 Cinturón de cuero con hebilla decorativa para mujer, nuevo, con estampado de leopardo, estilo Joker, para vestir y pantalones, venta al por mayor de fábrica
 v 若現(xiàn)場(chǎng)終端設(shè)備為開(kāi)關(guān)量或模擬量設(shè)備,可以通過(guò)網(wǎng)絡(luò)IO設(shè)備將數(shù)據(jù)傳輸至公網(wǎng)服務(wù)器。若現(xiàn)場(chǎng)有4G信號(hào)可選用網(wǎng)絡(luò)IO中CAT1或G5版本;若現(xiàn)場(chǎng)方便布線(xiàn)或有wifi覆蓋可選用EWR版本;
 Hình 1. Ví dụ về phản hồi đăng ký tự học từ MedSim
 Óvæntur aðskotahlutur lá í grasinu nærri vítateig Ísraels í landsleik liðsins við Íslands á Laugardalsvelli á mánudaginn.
---
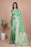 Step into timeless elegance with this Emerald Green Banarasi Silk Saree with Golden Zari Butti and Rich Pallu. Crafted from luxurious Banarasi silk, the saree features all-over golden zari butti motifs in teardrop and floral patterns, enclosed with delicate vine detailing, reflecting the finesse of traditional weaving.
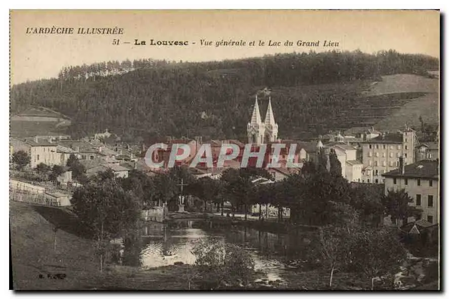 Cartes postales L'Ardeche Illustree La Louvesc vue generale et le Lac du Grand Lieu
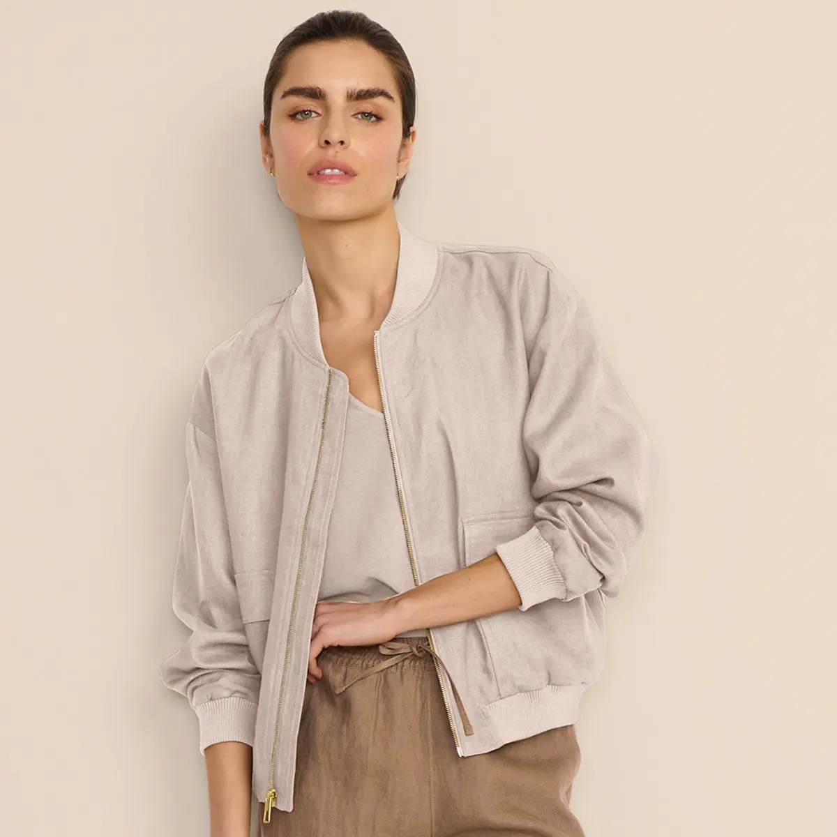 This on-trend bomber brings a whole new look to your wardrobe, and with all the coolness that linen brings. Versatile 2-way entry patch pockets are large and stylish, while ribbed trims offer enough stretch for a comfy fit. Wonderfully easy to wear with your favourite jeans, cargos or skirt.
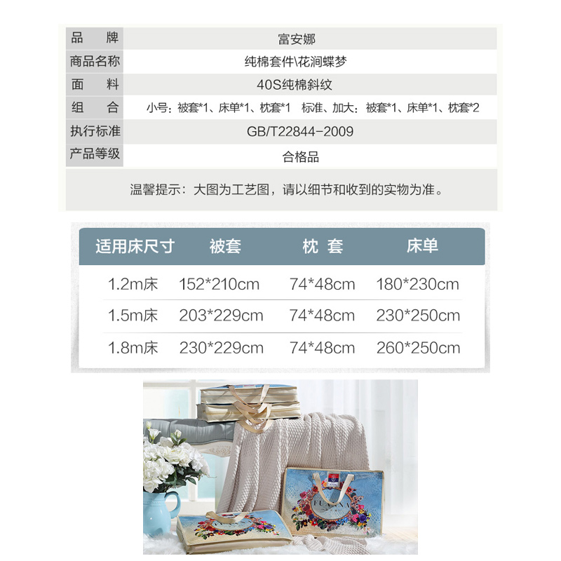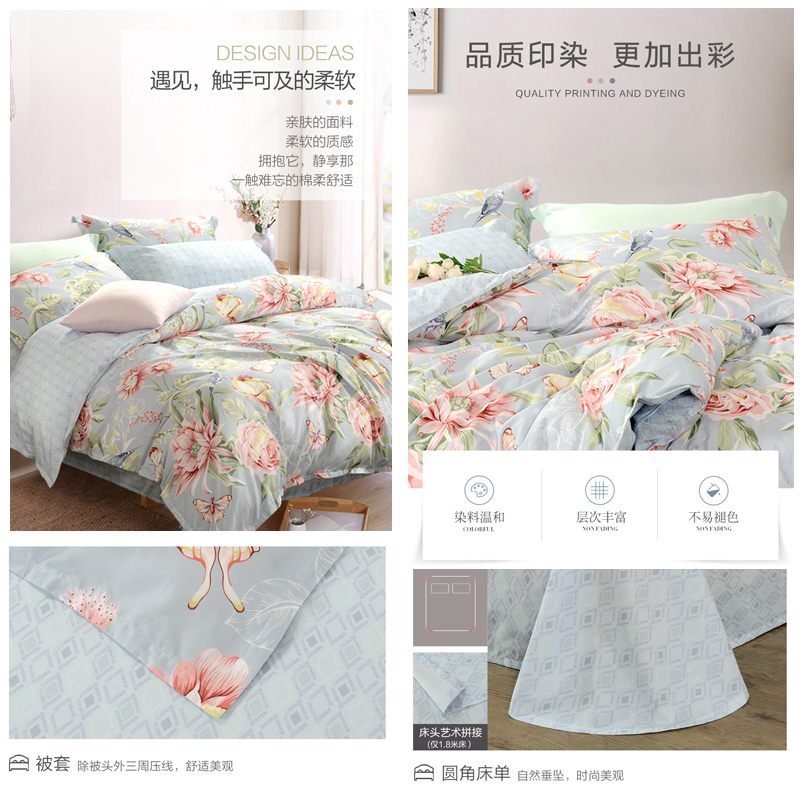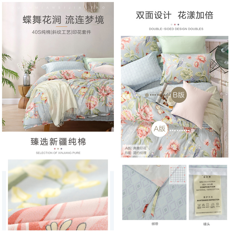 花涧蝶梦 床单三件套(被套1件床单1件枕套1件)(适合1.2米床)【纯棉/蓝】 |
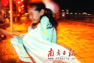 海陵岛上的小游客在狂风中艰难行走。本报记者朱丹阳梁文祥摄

◆ **EXERCISE OBJECTIVE**
Return word for word the lines above from the line with "Cinturón de cuero" to the line with "Óvæntur aðskotahlutur lá", including both and leaving out all others.

◆ **RESULT BELOW**
 Cinturón de cuero con hebilla decorativa para mujer, nuevo, con estampado de leopardo, estilo Joker, para vestir y pantalones, venta al por mayor de fábrica
 v 若現(xiàn)場(chǎng)終端設(shè)備為開(kāi)關(guān)量或模擬量設(shè)備,可以通過(guò)網(wǎng)絡(luò)IO設(shè)備將數(shù)據(jù)傳輸至公網(wǎng)服務(wù)器。若現(xiàn)場(chǎng)有4G信號(hào)可選用網(wǎng)絡(luò)IO中CAT1或G5版本;若現(xiàn)場(chǎng)方便布線(xiàn)或有wifi覆蓋可選用EWR版本;
 Hình 1. Ví dụ về phản hồi đăng ký tự học từ MedSim
 Óvæntur aðskotahlutur lá í grasinu nærri vítateig Ísraels í landsleik liðsins við Íslands á Laugardalsvelli á mánudaginn.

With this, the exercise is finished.